5.1.2 Configuration Options Summary

Option Type Default Description
enabled bool false Enable/disable telemetry
endpoint string http://localhost:4318/v1/traces OTLP/HTTP collector endpoint
use_tls bool false Enable TLS for exporter connection
tls_ca_cert string "" Path to CA certificate file
sampling_ratio float 1.0 Sampling ratio (0.0-1.0)
batch_size uint 512 Spans per export batch
batch_delay_ms uint 5000 Max delay before sending batch (ms)
max_queue_size uint 2048 Maximum queued spans
trace_transactions bool true Enable transaction tracing
trace_consensus bool true Enable consensus tracing
trace_rpc bool true Enable RPC tracing
trace_peer bool false Enable peer message tracing (high volume)
trace_ledger bool true Enable ledger tracing
tx_trace_strategy string "deterministic" TX trace ID strategy: "deterministic" (trace_id = txHash[0:16]) or "attribute" (random)
consensus_trace_strategy string "deterministic" Consensus trace ID strategy: "deterministic" (trace_id = prevLedgerHash[0:16]) or "attribute" (random)
service_name string "xrpld" Service name for traces
service_instance_id string <node_pubkey> Instance identifier

Planned (not yet implemented): the following options appear in the design documents but are not parsed by TelemetryConfig.cpp in Phase 1b and later phases.
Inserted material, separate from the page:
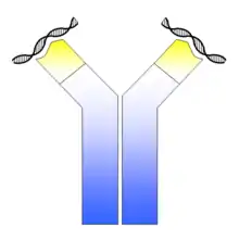 Anti-Ro and anti-La antibodies, also known as SS-A and SS-B, respectively, are commonly found in primary Sjögren's syndrome, an autoimmune disorder that affects the exocrine glands. The presence of both antibodies is found in 30–60% of Sjögren's syndrome, anti-Ro antibodies alone are found in 50–70% of Sjögren's syndrome and 30% of SLE with cutaneous involvement, and anti-La antibodies are rarely found in isolation.[10][16] Anti-La antibodies are also found in SLE; however, Sjögren's syndrome is normally also present.[17] Anti-Ro antibodies are also found less frequently in other disorders including autoimmune liver diseases, coeliac disease, autoimmune rheumatic diseases, cardiac neonatal lupus erythematosus and polymyositis.[18][19] During pregnancy, anti-Ro antibodies can cross the placenta and cause heart block[20][21] and neonatal lupus in babies.[22] In Sjögren's syndrome, anti-Ro and anti-La antibodies correlate with early onset, increased disease duration, parotid gland enlargement, disease outside the glands and infiltration of glands by lymphocytes.[11] Anti-Ro antibodies are specific to components of the Ro-RNP complex, comprising 45kDa, 52kDa, 54kDa and 60kDa proteins and RNA. The 60kDa DNA/RNA binding protein and 52kDa T-cell regulatory protein are the best characterised antigens of anti-Ro antibodies. Collectively, these proteins are part of a ribonucleoprotein (RNP) complex that associate with the hyRNAs, hY1-hY5. The La antigen is a 48kDa transcription termination factor of RNA polymerase III, which associates with the Ro-RNP complex.[15][16][23][24]

They will be added as the corresponding subsystems are instrumented:

Option Planned Phase Purpose
exporter Future Select between OTLP/HTTP and OTLP/gRPC
trace_pathfind Phase 2 Path computation tracing toggle
trace_txq Phase 3 Transaction queue tracing toggle
trace_validator Future Validator list / manifest update tracing
trace_amendment Future Amendment voting tracing

5.2 Configuration Parser

TxQ = Transaction Queue

// src/libxrpl/telemetry/TelemetryConfig.cpp

#include <xrpl/telemetry/Telemetry.h>
#include <xrpl/basics/Log.h>

namespace xrpl {
namespace telemetry {

Telemetry::Setup
setupTelemetry(
    Section const& section,
    std::string const& nodePublicKey,
    std::string const& version)
{
    Telemetry::Setup setup;

    // Basic settings
    setup.enabled = section.value_or("enabled", false);
    setup.serviceName = section.value_or("service_name", "xrpld");
    setup.serviceVersion = version;
    setup.serviceInstanceId = section.value_or(
        "service_instance_id", nodePublicKey);

    // Exporter settings
    setup.exporterType = section.value_or("exporter", "otlp_grpc");

    if (setup.exporterType == "otlp_grpc")
        setup.exporterEndpoint = section.value_or("endpoint", "localhost:4317");
    else if (setup.exporterType == "otlp_http")
        setup.exporterEndpoint = section.value_or("endpoint", "localhost:4318");

    setup.useTls = section.value_or("use_tls", false);
    setup.tlsCertPath = section.value_or("tls_ca_cert", "");

    // Sampling
    setup.samplingRatio = section.value_or("sampling_ratio", 1.0);
    if (setup.samplingRatio < 0.0 || setup.samplingRatio > 1.0)
    {
        Throw<std::runtime_error>(
            "telemetry.sampling_ratio must be between 0.0 and 1.0");
    }

    // Batch processor
    setup.batchSize = section.value_or("batch_size", 512u);
    setup.batchDelay = std::chrono::milliseconds{
        section.value_or("batch_delay_ms", 5000u)};
    setup.maxQueueSize = section.value_or("max_queue_size", 2048u);

    // Component filtering
    setup.traceTransactions = section.value_or("trace_transactions", true);
    setup.traceConsensus = section.value_or("trace_consensus", true);
    setup.traceRpc = section.value_or("trace_rpc", true);
    setup.tracePeer = section.value_or("trace_peer", false);
    setup.traceLedger = section.value_or("trace_ledger", true);
    setup.tracePathfind = section.value_or("trace_pathfind", true);
    setup.traceTxQ = section.value_or("trace_txq", true);
    setup.traceValidator = section.value_or("trace_validator", false);
    setup.traceAmendment = section.value_or("trace_amendment", false);

    return setup;
}

} // namespace telemetry
} // namespace xrpl

5.3 Application Integration

5.3.1 ApplicationImp Changes

Deferred identity: The node public key (nodeIdentity_) is not available during ApplicationImp's member initializer list — it is resolved later in setup(). The Telemetry object is therefore constructed with an empty serviceInstanceId and patched via setServiceInstanceId() once setup() has called getNodeIdentity().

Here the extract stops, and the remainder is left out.